Hello, British people! (And a goodbye to Chicago hot dogs)

Here’s the first of a monthly series of columns I’ll be writing from abroad, as originally published in my hometown paper, the Barrington Courier-Review.

I remember in fifth grade when graphing calculators were the hot thing and everybody had one. It wasn’t that we wanted to do math and crunch numbers; we just wanted to play all of the games you could download onto them – most notably, Tetris. The time-pressure crunch of having to arrange oddly shaped blocks into neat rows proved addictive for many, but I for some reason never got hooked. Instead, I stayed true to my Garfield comics while watching the hardcore Tetris players from afar.

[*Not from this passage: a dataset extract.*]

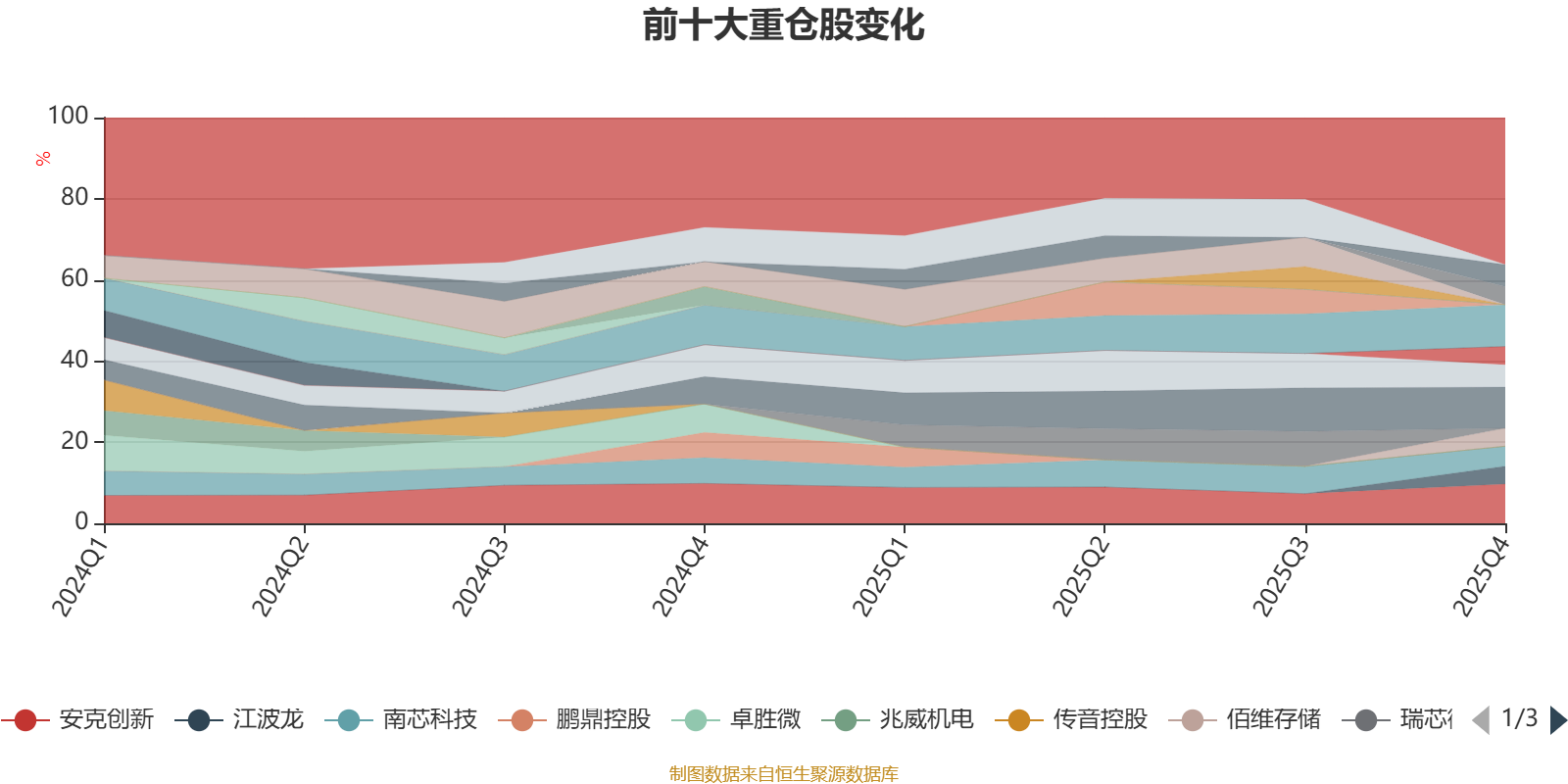 该基金持股集中度较高,近2年前十大重仓股集中度长期超过60%。截至2025年末,基金十大重仓股分别是立讯精密、兆易创新、安克创新、华勤技术、澜起科技、南芯科技、聚辰股份、佰维存储、北方华创、江波龙。

But now, as I write these words while looking out onto an English patio in an English townhouse in an English neighborhood in London, what comes back to me most vividly is that game of Tetris. One would think that adjusting to a country where everyone supposedly speaks your native language should be an easy process, especially when that country is the one that birthed you, in a historical sense, just a couple centuries ago. But it’s the little things that add up quickly, just like those blocks in Tetris that would come down onto the screen and were never the right shape and before you knew it you’d have a “GAME OVER” message blinking at you mercilessly. From the credit cards that use a chip and PIN system to British words (aubergine for eggplant, loo for bathroom) and a different sizing system for clothes, things are just (slightly) different here.

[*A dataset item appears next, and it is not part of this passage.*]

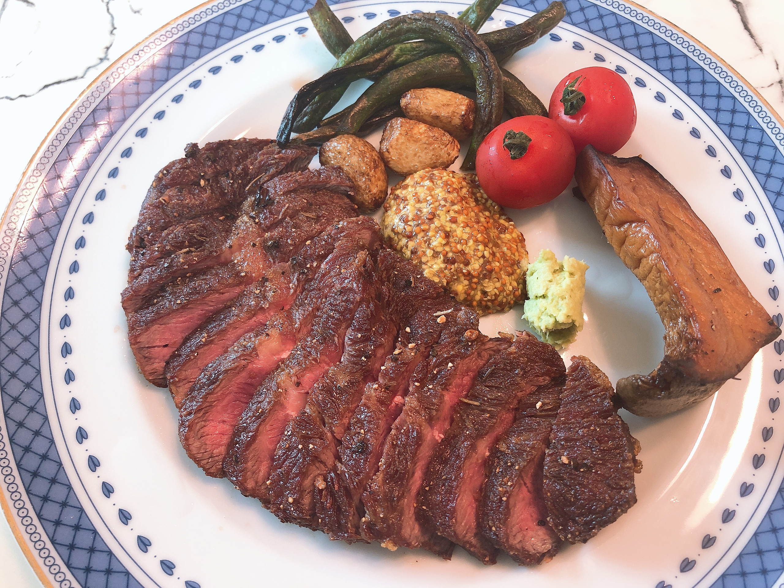 단순한 조화이지만 고유의 고기 맛을 느낄 수 있게 하며 굽기 조절은 없이 기본 미디엄으로 제공됩니다.

And so, when I tell people that I’m “studying abroad” on a Fulbright for the year, their immediate reaction is to ask, “Where?” When I tell them I’m going to be in England, their faces contort into a confused, even sorry expression: “Why’d you choose to go there? That’s not exotic at all.” They’re right to some degree, but in other regards, I’m in an otherworldly realm where pants means underwear and some of the institutions here are older than my country (Hello there, Queen Elizabeth II!).

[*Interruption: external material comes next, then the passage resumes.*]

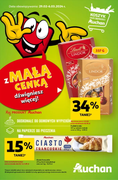 ’Z małą cenką dźwigniesz więcej!’ – nowa gazetka promocyjna sieci supermarketów Auchan.

This past summer, I lived in New York City as a law bureau reporter for the Wall Street Journal. In my free time, I often hung out with friends from college who had made a permanent move to the city after commencement. Inevitably, we talked a lot about what preoccupies the minds of college graduates around the world: money.

We came to two conclusions.

One: If you want things in life, you need money to buy them. Those things might be a toothbrush, a pet, an apartment (I mean flat) or a tomato. But no matter what, you need money.

Two: Some paths in life will make you more money than others.

What we never figured out, though, was an answer to the question of how important a role money should play when you are deciding what dreams of yours to pursue. Is landing that first job really all about the money and starting a stable lifestyle? Or is it an unspoken rule that you can live from temp job to temp job so long as you are in your twenties and are working towards your pie-in-the-sky aspirations?

The year ahead poses a chance for me to think about all this “Life Stuff,” without having to worry immediately about the money stuff. It’s an opportunity I’m utterly grateful for, as I know how much a privilege it is in our day to have even a few minutes to think to yourself, let alone several months. And as I go about my studies at Oxford, both by hitting the books and watching British television, I’ll share with you what I learn as a hopeful, probably naïve twenty-something-year-old trying to figure some stuff out.